Scream 2 (1997), the film brings us back into the lives of the remaining Woodsboro survivors a year following the murders, to the Big Apple. Tara Carpenter (Jenna Ortega) pursues her education at Blackmore University with the Meeks-Martin twins Mindy (Jasmin Savoy Brown) and Chad (Mason Gooding). Tara's protective older sister, Sam Carpenter (Melissa Barrera) — the daughter of Billy Loomis — lives with her sister. Sam attempts to navigate her haunting past while the others choose to move on, but Ghostface has other plans.


One of Scream VI’s significant strengths is the film's new setting. From dark and shadowy alleyways to a corner bodega, crammed subway trains, and a penthouse view of Manhattan, the New York City set pieces are utilized to their full potential. It proves to be a brilliant environment as the characters maneuver the claustrophobic urban landscape, showcasing just how cruel the killer beneath the Ghostface is and their ability to hide in plain sight. The fast pacing is also an achievement. The kills are nasty, and the chase scenes are visceral. The film's Halloween setting is an enjoyable and eerie touch, with horror film costumes flooding the city streets.
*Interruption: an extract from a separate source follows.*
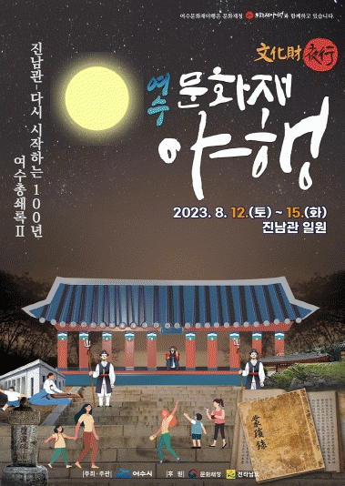문화재청 공모사업으로 추진되는 ‘여수 문화재 야행’은 단순한 문화재 관람 형태를 벗어나 저녁 6시부터 11시까지 야간시간에 여수의 특색 있는 문화재를 활용, 8야(8夜)로 구분된 프로그램을 선보인다.
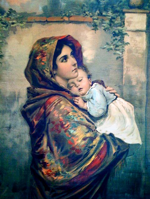Sister Angela Marie Bovo was an American nun of Italian descent. During the summer of 1984, she obtained permission from her convent to travel to Venice to learn more about her family. Her mother, born in Venice, had since died in California in 1972. She lived in America for almost 70 years, having immigrated from Venice in 1906. Now, about 12 years after her mother's passing, Sister Angela spent some time in her mother's old Italian home. During a visit there, the nun's aunt removed a small picture from the wall. The lovely painting, entitled "The Madonna of the Street", depicted the Blessed Virgin holding her sleeping Son. Showing the image with pleasure, the aunt said, "This is your mother." Sister Angela agreed, repeating what she had been taught from childhood about Our Lady, "Yes. She is everyone's Mother." Not expecting this response, the aunt clarified, "But this is your earthly mother!" Then, Sr. Angela understood what her aunt meant. The girl in the picture was her Italian mother! In 1984, when modern photography had been widespread for decades… it was a sweet and interesting revelation for the nun… to see before her a vintage, world famous portrait of her mother, beautifully modeling the Madonna of the Street. The young model, Angela Cian, was 11 years old when called upon to pose for the artist Roberto Ferruzzi. The large sleeping baby in her arms was her little brother, Sister Angela's uncle. What a sweet touch of God's Providence that this girl painted as the Blessed Mother would later become a mother herself, giving birth to 10 children. Upon returning to the United States, Sr. Angela shared the discovery with the rest of her family. Excited and curious, the Bovo family reached out to the surviving nephew of the deceased artist. Upon their request, Ferruccio Ferruzzi Balbi searched his uncle’s old log book and did indeed verify the identification of Mrs. Bovo - then little Angela Cian. So many people over the centuries have spent long hours of their lives standing still in front of an artist, so that he could produce more realistic and beautiful works of art to inspire generations to come. Numerous artists in history are most famous for some religious work. God’s gift to them has done a lot of good for many people and it makes sense that they would be well known for it. But their unknown models, while perhaps not as talented as the artists, were still crucial in the making of these holy images. Yet, in God’s Providence, the name of a simple 11 year old girl, posing as Our Lady, has been passed down to us. The Madonna of the Street is a lovely image which has touched many hearts. Angela Cian Bovo is a real-life reminder that every single one of us can do good, however complex or simple our role may be. |

The return of cut-throat journalist Gale Weathers (Courtney Cox), using her scrappy investigating skills to unmask the killer, is fantastic. It's about time she gets recognized as a final girl in the franchise. Her face-off with Ghostface is one of the film’s highlights, full of classic physical chaos reminiscent of Craven. Film nerd turned FBI agent Kirby Reed (Hayden Panettiere) from Scream 4 shines and is quick off the mark, particularly in her intimate conversation with Mindy as they connect over their mutual love for the horror genre. However, the reintroduction to the “Core 4”, as they charmingly call themselves, is particularly satisfying.
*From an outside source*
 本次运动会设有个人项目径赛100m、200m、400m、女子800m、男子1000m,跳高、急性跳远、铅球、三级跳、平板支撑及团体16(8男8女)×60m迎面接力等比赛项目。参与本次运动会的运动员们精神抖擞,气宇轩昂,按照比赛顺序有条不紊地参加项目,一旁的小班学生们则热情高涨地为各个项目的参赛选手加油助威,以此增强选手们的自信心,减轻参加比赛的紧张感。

Courtney Cox in SCREAM IV (2023), directed by Matt Bettinelli-Olpin and Tyler Gillett.
Courtesy of Paramount Pictures

The care of Sam as the protagonist in Scream was unsuccessful, but in this film, she’s more compelling and rounded. Sam has grit and doesn’t mind getting messy to protect her loved ones. However, the depiction of Sam’s mental health is still poor with the usage of off-putting Billy Loomis hallucinations. Barrera is more confident in her role and effectively conveys Sam’s anti-hero characteristics. Ortega, Gooding, and Brown top off the found family theme within the film, even if the infamous “rules monologue” doesn’t have the same Randy Meeks bite we’re used to. In the fifth installment, these characters felt forced upon us and were secondary to the golden trio of Sidney, Dewey, and Gale. Scream VI takes its time to enrich the personalities and relationships of the Core 4, and they finally feel like real people audiences can root for.


Returning screenwriters James Vanderbilt and Guy Busick weave complex themes into the story, such as coping mechanisms for trauma and how different grief looks on each survivor. It's the most pointed the Scream franchise has been about the unique bond between survivors. Vanderbilt and Busick disrupt our expectations for sequels by critiquing franchise cash grabs that recycle the same stories, prey on half-baked nostalgia, and entrap their characters in never-ending trauma. These interesting critiques are utilized purposefully to reflect the character’s stories.


The film's final act isn’t the sprawled reveal that often closes these films but a controlled and character-motivated one. The only real disappointment is moments that lean into nonsense. Many characters are fatally wounded, having been stabbed or shot multiple times, and somehow they survive. Another weak point is the dialogue's inconsistent quality. For instance, Sam and Tara's sisterhood discussions teeter into cliche melodrama, but the actors do their best to sell it.


Despite the film's few shortcomings, Bettinelli-Olpin and Gillett up their game in every way. The Scream movies have always brought a certain coziness that was missing in the fifth installment, but they've found the perfect tonal balance here. They use the franchise's lengthy past to its advantage, bringing the right amount of nostalgia and subversion that surprises in this New York City thrill ride. As Stu Macher once said, “It’s a scream, baby!”